WOW! So many of my friends are expecting babies soon. Another one of them, this time a guy, shared the good news with me yesterday. He was funny! "What should I prepare for? What do I need to get ready? I haven't done anything yet." He suggested I should have an entire post on the subject as he reads my blog every day and needs pointers now.
Perhaps in a very general sense, parents-to-be need to discuss the type of parenting style they think they'd like to adopt. Thats a very broad term so I'm going to focus on the two areas which were the biggest issues with us - Breastfeeding and Sleep.
Most people know that exclusive breastfeeding is what's recommended for the the first six months of a baby's life. The WHO also recommends extended breastfeeding for the first two years. I think the majority of people have the intention of breastfeeding but only a minority realize that it can be quite hard (and painful, and frustrating). If I knew how hard it would be, I wouldn't have focused all my reading on labor and delivery. Kellymom is a great site to get some background knowledge, find out about potential problems and also refer to when you have problems.
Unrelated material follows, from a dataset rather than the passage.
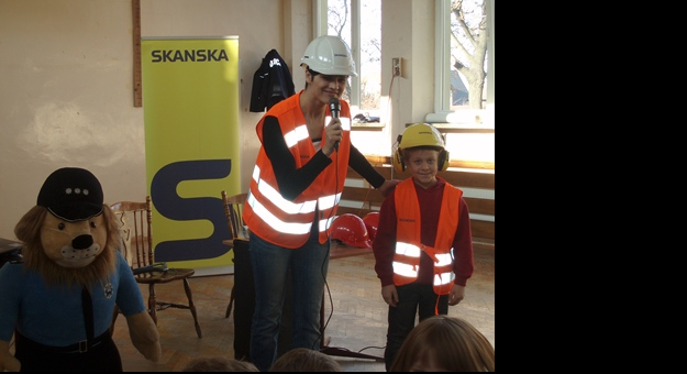 Na zagrożenia związane z pracami ziemnymi, wykopami oraz wszelkimi pracami budowlanymi zwrócili uwagę przedstawiciele firmy SKANKA, która buduje położony niedaleko szkoły basen. Dzieci poznały znaki ostrzegające o prowadzonych robotach, dowiedziały się, jak ważną rolę spełniają elementy odblaskowe oraz poznały wymagany ubiór pracownika budowlanego. Dzieci doskonale rozpoznawały prezentowane na slajdach duże maszyny i pojazdy budowlane.

I wish I studied that site before stumbling and crying through the first month of nursing.
Off the top of my head, I would tell the new parents (both mom and dad) hoping to establish a successful nursing relationship to :
1) Nurse as soon as possible after delivery.
2) Understand that it will be colostrum for the first few days before your milk comes in. Colostrum is liquid gold in terms of nutrition for your newborn. There is "stuff" coming out even if you can't see it happening. Trust yourself.
3) Do not let your baby be bottle fed for at least 6 weeks. Babies also need to learn how to nurse so it is important that they become experts at this before being introduced to the much easier way of drinking from a bottle.
4) Nurse on demand. There is no sense in trying to schedule breastfeeds. Breastmilk is also much more easily digestible than formula so breastfed babies may need more feeds than a formula fed one. Don't question it or count the number of times, just nurse.
5) Have the number of a lactation consultant ready so you can run over there at the first sign of trouble. Also, bring some breastfeeding cream along to the hospital and use it from the start. Thats what I'm telling myself anyway.....I don't ever want to see cracked and bleeding nipples again. Prevention is definitely better than the cure here.
The other problem we had was sleep, or lack of. Everybody expects this but I found it to be something that differed greatly between babies. Just comparing notes with some of my friends, I found that many other babies were sleeping through the night at 3 or 4 months. Aaron didn't for nearly 2 years. Also, some babies slept for stretches of 2, 3 or 4 hours within a couple of weeks. We were still on the 2 hourly wake up calls for the entire first year I think. My point here is that there were huge differences but all are normal.
So whats my point here? Have zero expectations. Thats how I'm going to approach baby No. 2. I found that once I accepted Aaron's sleep habits, things just seemed a whole lot easier. I didn't feel that I had a dud baby, or that I was a weak mom for not training him better. He was just who he was and I could adapt to it.
My final piece of advice is that I believe baby-led breastfeeding is the key to a good night's sleep for all. At the start, I worried that I was creating a bad habit when Aaron used to want to feed to sleep. I fought it for as long as I could but gave in. Can you imagine how much easier it is to just feed a baby to sleep rather than rocking, walking or doing some other funny dance till it dozes off? I'm hoping that this next baby will figure our feeding to sleep as soon as possible. Also, once the baby is able to feed with the mom laying down, use that position. Baby wakes up at night, just roll over, feed while you snooze. Once the baby has had enough it will fall asleep and fall off the breast. EASY! No more getting out of bed, setting up for a feed and then walking the floors to put the baby to sleep afterwards.
So, seeing that my friend is a guy but he'd have to be actively involved in both these aspects of a new baby, I think he needs to talk to his wife about what her thoughts are. You'll notice the bulk of the work is on her. Having said that, his supporting role is crucial in the success of both.
That was two cents. With only 3 years of experience mothering, I'm far from the expert but these two points are foremost in my mind as I prepare for the next baby.